The difference with Fox is also something that’s been alluded to quite often in these forums. Fox News is special; it isn’t just biased, it lies, it distorts, and it selectively omits and misrepresents material facts in order to aggressively push Republican politicians and Republican ideology. Examples abound in the GD thread dedicated to this topic. Other media may have bias, but no one else even comes close to this outright mendacity.

The goal here isn’t to silence Fox News, although you’d have to admit, Fox being the biggest and most egregious of the lying right-wing media outside of maybe Infowars and Breitbart, doing so would go a long way to restoring balance in media and a more functional democracy.

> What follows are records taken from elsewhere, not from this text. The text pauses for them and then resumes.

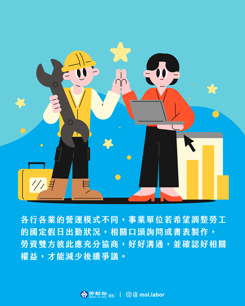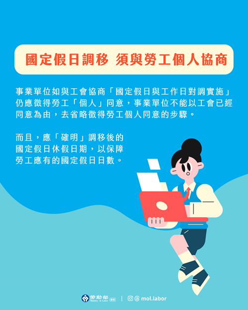 勞動部表示,勞資雙方亦得就「國定假日與工作日對調實施」進行協商,惟該協商因涉個別勞工勞動條件之變更,仍應徵得勞工「個人」之同意。至於勞資雙方雖得協商約定將國定假日調移至其他「工作日」實施,仍應確明前開所調移國定假日之休假日期,即國定假日與工作日對調後,因調移後之國定假日當日,成為正常工作日,該等被調移實施休假之原工作日即應使勞工得以休假,且雇主不得減損勞工應有之國定休假日數,始屬適法。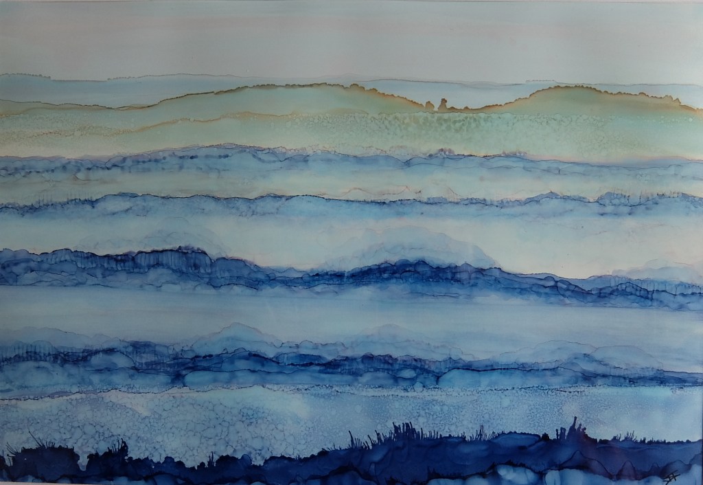 Its a new presentation on an old but constant theme and scene from my garden. The first image is the real time photograph and below is my Alcohol Ink representation of the image.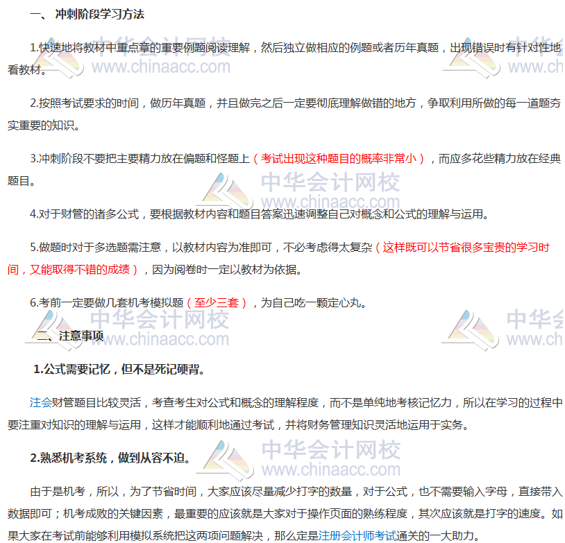注会备考进入了倒计时,进入了冲刺阶段;而注会《财管》科目知识量大,涉及公式多,计算量又大,是很多学员担心的科目。为此,网校小编为考生们奉上注会《财管》冲刺阶段学习方法及注意事项,助力您梦想成真!

What “approach” do you think is necessary for MSNBC, which tends to have liberal commentators and an acknowledged liberal bias? Whereas Republican-supporting wingnuts have huge pipelines of disinformation of which Fox News is the flagship, but they also have talk radio, Infowars, Breitbart, Newsmax, the WSJ, National Review, and of course thousands of morons flooding social media about Hillary Clinton’s pedophilia or Joe Biden’s corruption.

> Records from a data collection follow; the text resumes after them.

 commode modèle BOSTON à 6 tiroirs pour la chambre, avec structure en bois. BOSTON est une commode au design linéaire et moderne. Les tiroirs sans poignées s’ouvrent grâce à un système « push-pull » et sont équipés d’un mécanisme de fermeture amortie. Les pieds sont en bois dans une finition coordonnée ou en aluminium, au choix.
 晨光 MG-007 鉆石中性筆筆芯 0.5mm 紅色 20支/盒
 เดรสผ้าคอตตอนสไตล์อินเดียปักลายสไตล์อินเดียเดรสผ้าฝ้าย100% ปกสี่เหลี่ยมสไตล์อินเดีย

One might think that at least requiring factual accuracy in news reporting might help, and requiring a clean separation between news and opinion, but I know just how Fox News would handle that, because they’re already doing it. In addition to all their other tricks like minimizing unfavorable news, lying about, and flooding their front page and airwaves with ridiculously biased and inaccurate commentary, I’ve noticed a tendency lately to react to bad Republican news by aping Trump’s “people are saying” gambit. So instead of reporting on the bad-news event, they report on what lying Republican hacks are saying about it, thus magically turning it into a good-news event!

The purpose of the Electoral College is not to balance rural versus urban states. That is how the numbers were chosen but it’s not the central purpose.

The purpose was to ensure that reasonable and educated individuals perform due diligence to select a President. That purpose has been destroyed and replaced with populist rule by state.

Populism is what creates things like caudillos. When people say, “The US is becoming a Banana Republic”, they mean that it is veering away from reasoned and deliberative rule towards populist rule.

Removing the Electoral College will give the urban states extra power, but it also gives the majority more power and the majority like soap opera, charisma, entertainment, conspiracy theories, and us vs. themism.

The move towards populism had already given us GW Bush and Trump. Must you really continue to move the ball in that direction?